As soon as your employee announces that he is suffering from a mental health condition, there is a temptation on the part of both employer and employee to assume that he is thereby necessarily disabled under the Equality Act and so that with immediate effect he is entitled to all the protections available under it. However, even if you do not dispute the fact of his condition, is he right? In some parts yes, but in others (says the EAT in Tennant v Tesco Stores this month), potentially not.

In the usual course, an employee will count as disabled when his impairment is “long term”. That means in broad terms that it must either: (a) have lasted 12 months; or (b) be expected to last 12 months.

In Tennant, the EAT considered the position of someone whose condition had indeed lasted 12 months, but where there was no evidence that it had been expected to do so. The treatment which Tennant alleged to be discriminatory had taken place during that 12 months, so the question was whether she could be discriminated against on disability grounds during that “waiting period”. In effect, was the fact that she had shown herself disabled at the end of that period retroactive in its effect?

On the facts, no. Because there had been no evidence on which the Tribunal could find that her condition could reasonably have been expected to last a year, the only basis for the conclusion that she was disabled had to be under (a) above, i.e. that the impairment had actually lasted 12 months. Until it had done so, she was not disabled, and so no protection against direct discrimination or any obligation to make reasonable adjustments arose.

Lessons for employers

  • However, and this was not part of Tennant, that reasoning would not apply to a victimisation claim. Under Section 27 Equality Act, that protection arises where the employee does a “protected act”. That includes “making an allegation (whether or not express) that [the employer] has contravened this Act”. He might raise his illness in the context of defending allegations of poor performance or misconduct, for example, and argue that by picking him up on those things, his employer was discriminating against him, and/or had failed to make the adjustments necessary for him to meet the necessary standard.

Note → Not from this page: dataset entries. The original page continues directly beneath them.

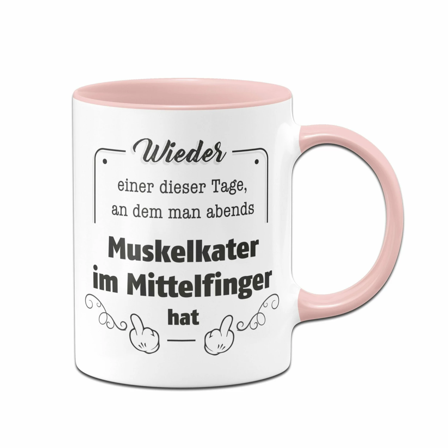 Tasse mit Spruch: Wieder einer dieser Tage, an dem man abends Muskelkater im Mittelfinger hat 🖕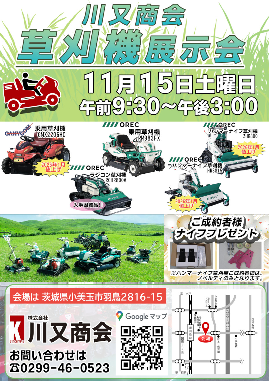 乗用、ハンマーナイフをはじめとした草刈機の販売、修理・メンテナンスと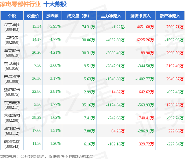 个股表现方面,家电零部件行业当日领跌股为汉宇集团(300403),该股当日报收15.34,下跌5.95%,成交量74.31万,主力资金净流出1.22亿元。星帅尔(002860)以下跌4.77%紧随其后,该股当日成交量30.06万,主力资金净流出4632.3万元。除此之外,海立股份(600619)、东贝集团(601956)、宏昌科技(301008)均进入当日熊股之列。具体个股列表见下表: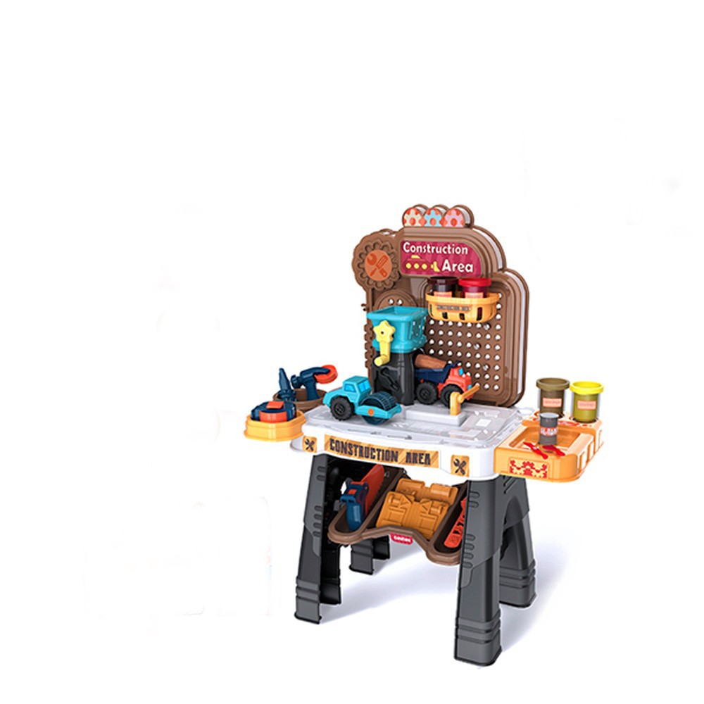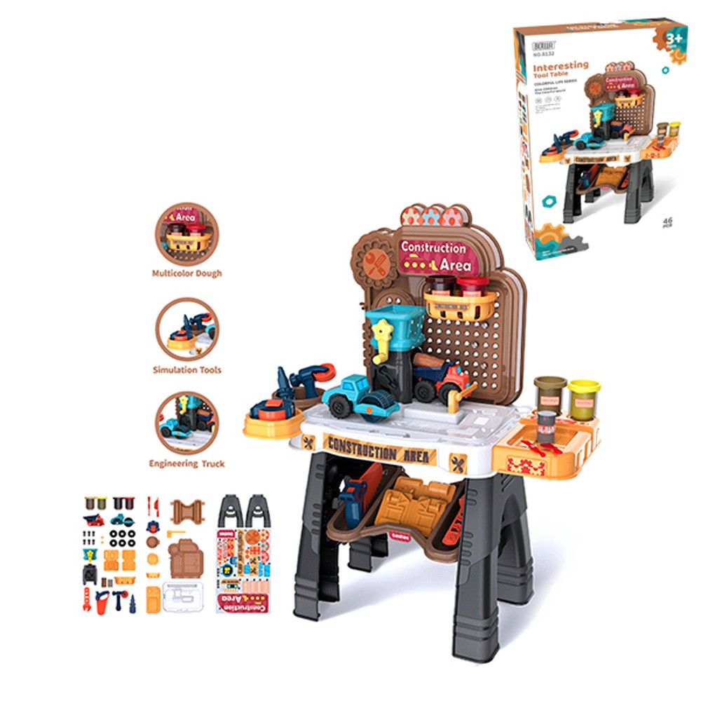 Комплектът съдържа сглобяема работна маса с инструменти (отвертка, ключ, трион-преса), 4 цвята моделин, прибори и форми за моделиране, камион валяк, камион самосвал и ръчна мелница за моделин.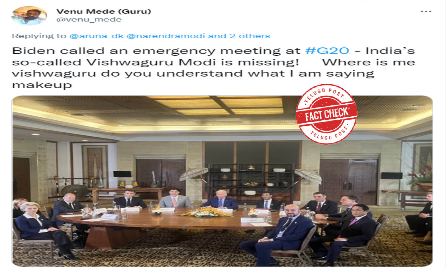 The claim goes as "Biden called an emergency meeting at #G20 - India's so-called Vishwaguru Modi is missing!"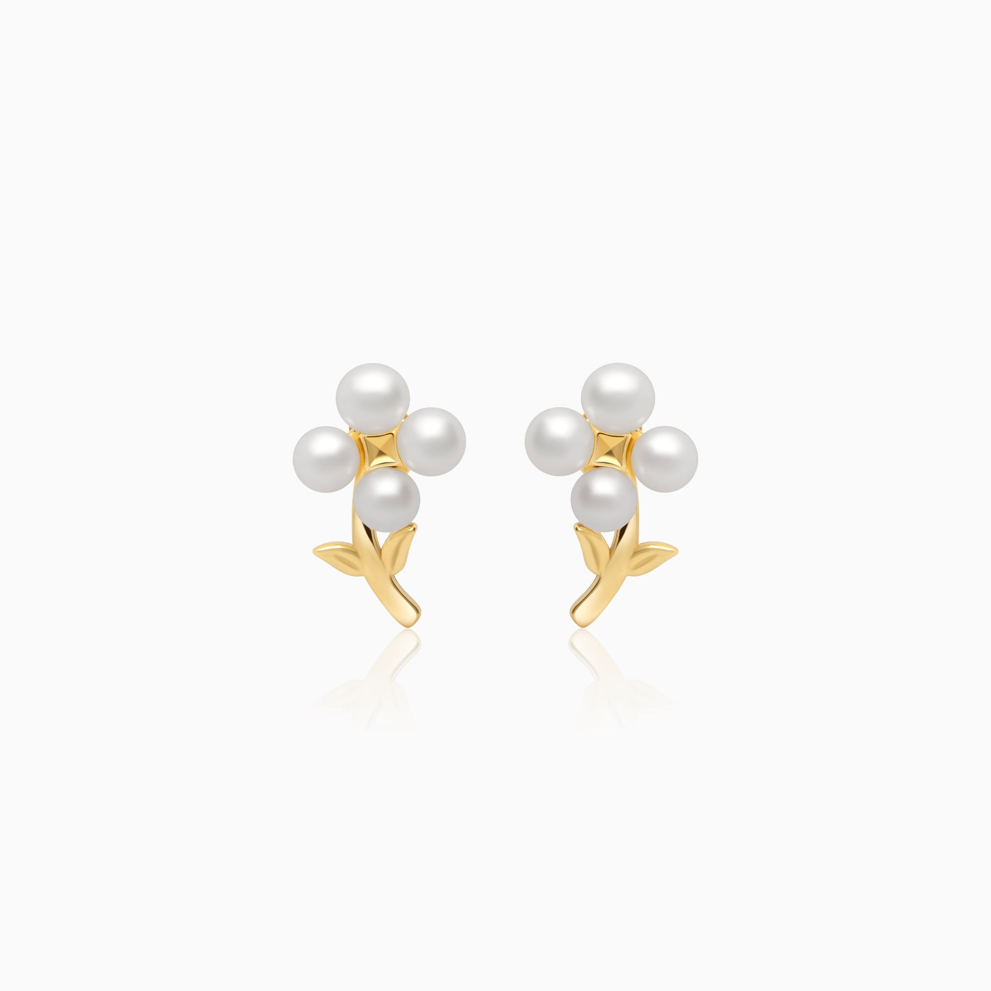 18k yellow gold flower shape earrings with pearls From Danah Collection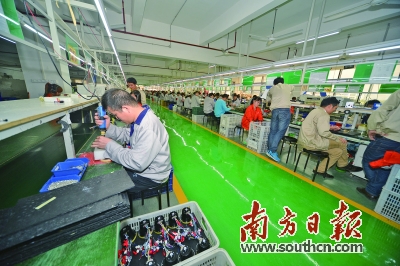 豐順縣湯坑鎮電聲企業生產線。何森垚 攝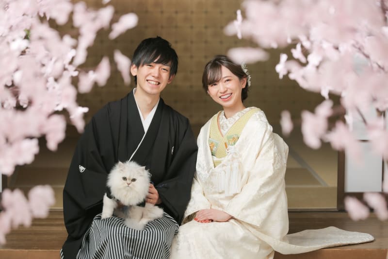 3〜4月は桜が咲いている中でのロケーション撮影が人気ですが、屋内庭園スタジオでも桜の造花を使用して、このようなお写真を撮影することができます🌸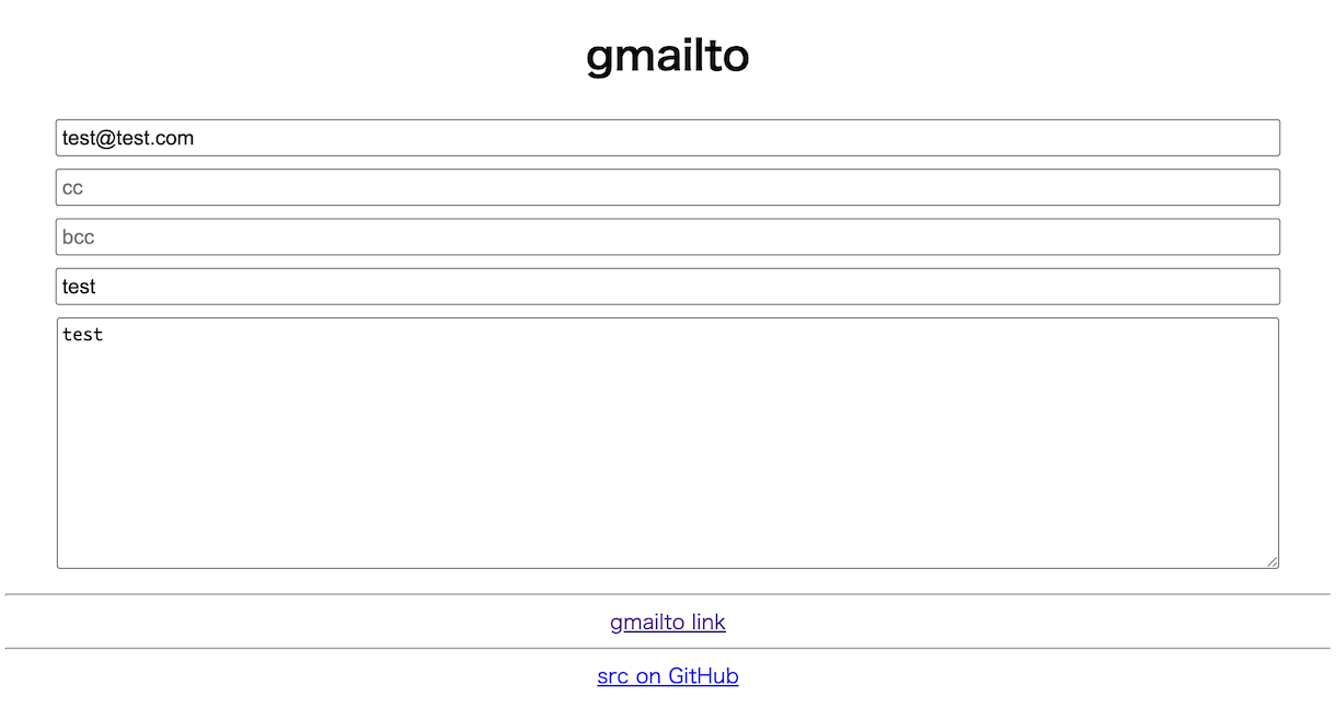 Gmailへのメール送信リンク生成アプリ、gmailto

  • It is well established that such an allegation is a protected act even if it is objectively incorrect, unless it is made in bad faith. “Bad faith” in the circumstances would mean that the employee knew at the time he made that complaint that he was not disabled, and/or that his illness actually had no bearing on his poor conduct or performance. Especially where mental health issues are concerned, proving one of those is a very high hurdle for the employer. The condition makes it even harder than usual for it to get inside the employee’s head and expose his thought processes convincingly enough to the Employment Tribunal. In addition, it faces a real risk of compounding any injury to feelings by the assertion implicit in defending a victimisation claim on that basis, i.e. that the employee was lying. Not just confused or wrong, that is, but actively lying. Therefore an employee whose disclosure of a putative disability is accompanied or followed by an allegation that the employer is in breach of some Equality Act duty connected with it, can (despite Tennant) gain a level of protection against detriment without waiting until he becomes actually legally disabled.

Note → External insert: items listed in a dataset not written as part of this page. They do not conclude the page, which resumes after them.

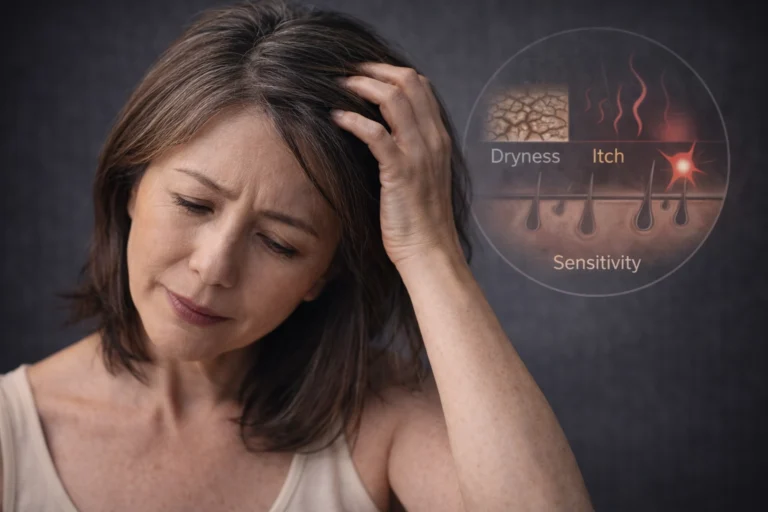Hair changes often begin quietly. Many women first notice their hair feels drier, less shiny, or harder to manage—even before any visible thinning. The scalp may feel tight or slightly itchy, and hair may take longer to grow or style…
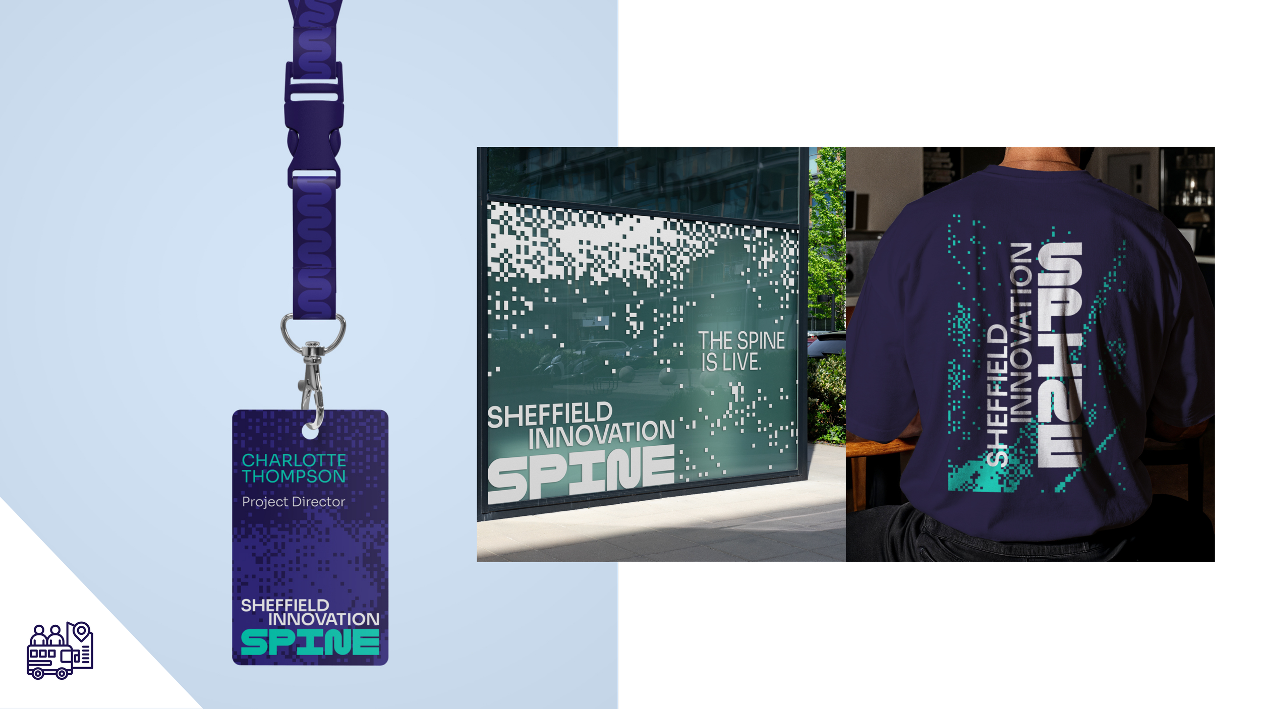 The ‘S’ and the ‘N’ in ‘Spine’ signal the physical Spine route through Sheffield city centre, connecting 5 mixed used neighbourhoods and hyper local innovation hubs.
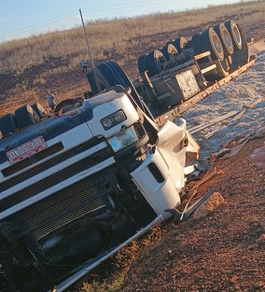 Motorista morre e passageira fica ferida após tombamento de carreta em Vera Mendes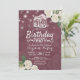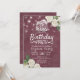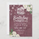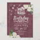 Birthday Party Invitation - Elegant Script, Mason Jars, Hydrangea Flowers and String Lights on Burgundy Red Floral Linen Background.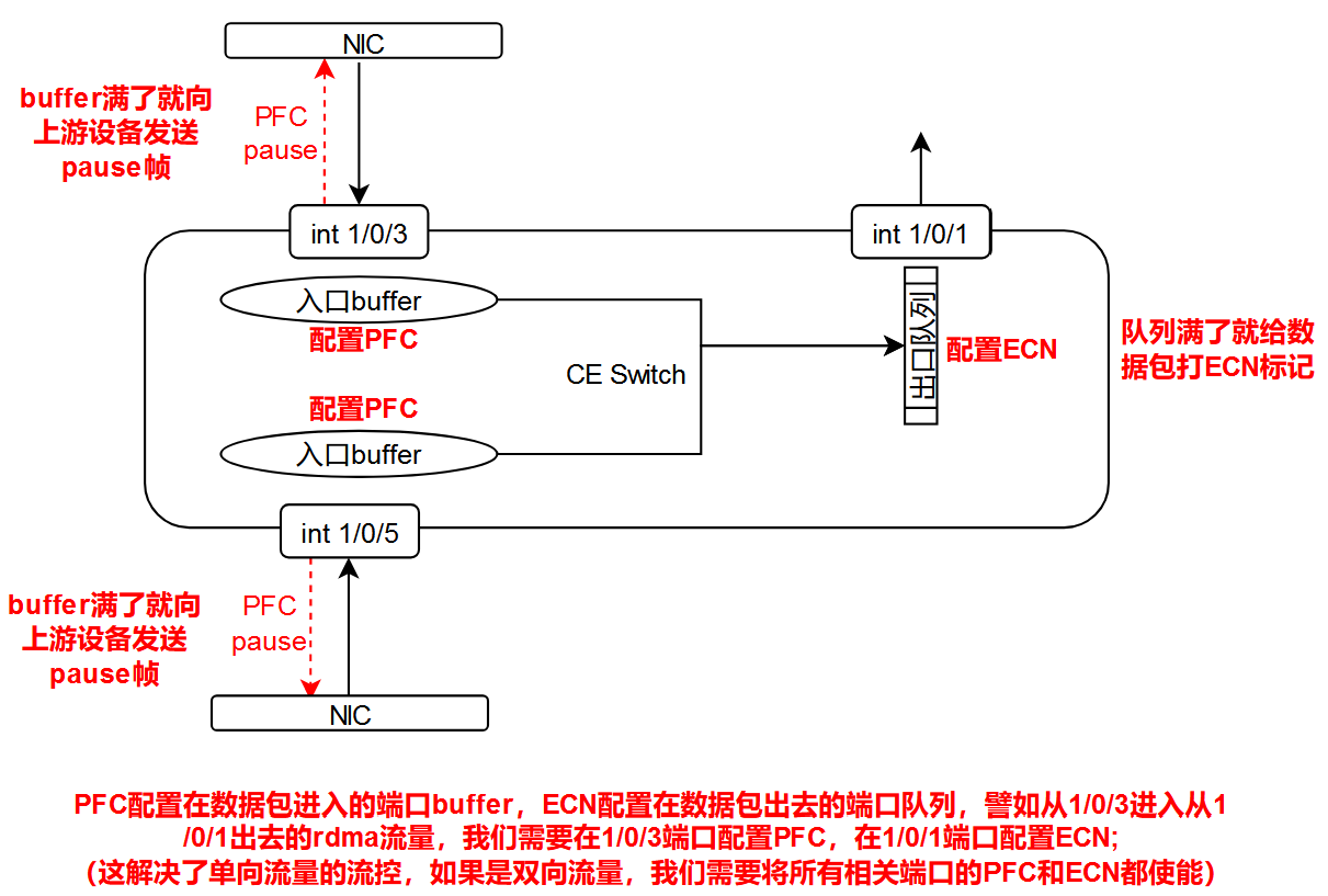 - 拥塞控制算法适配:发送端需支持基于 ECN 反馈的速率调整(如 TCP 的 ECE 标志位、RoCE 的 DCQCN 算法)。

  • Would the employee also be protected against disability-related harassment under Section 26 during that waiting period, or is it open season until the 12 months are up? There is no need for a harassment claimant to possess the particular personal characteristic protected under Section 26. Therefore if an employee were mocked or excluded by his management or peers because they believed him to have a serious mental health issue, then that would be actionable even if it had not yet lasted long enough to become a disability or, in fact, never became so at all.

  • What about his position under Section 15 Equality Act, then? Can he also make a claim in respect of unfavourable treatment during that waiting period because of something arising in consequence of his disability (for example, the pre-emptive strike on performance or conduct management procedures mentioned above)? No – Section 15 requires the “something” to arise from the disability, so unless and until he is properly disabled at law, that “something” doesn’t qualify.

  • So Tennant is a very sensible outcome on the facts, but beware – it does not in any way give carte blanche for the unfavourable treatment of an employee because he has said he is unwell but the condition has not yet lasted 12 months.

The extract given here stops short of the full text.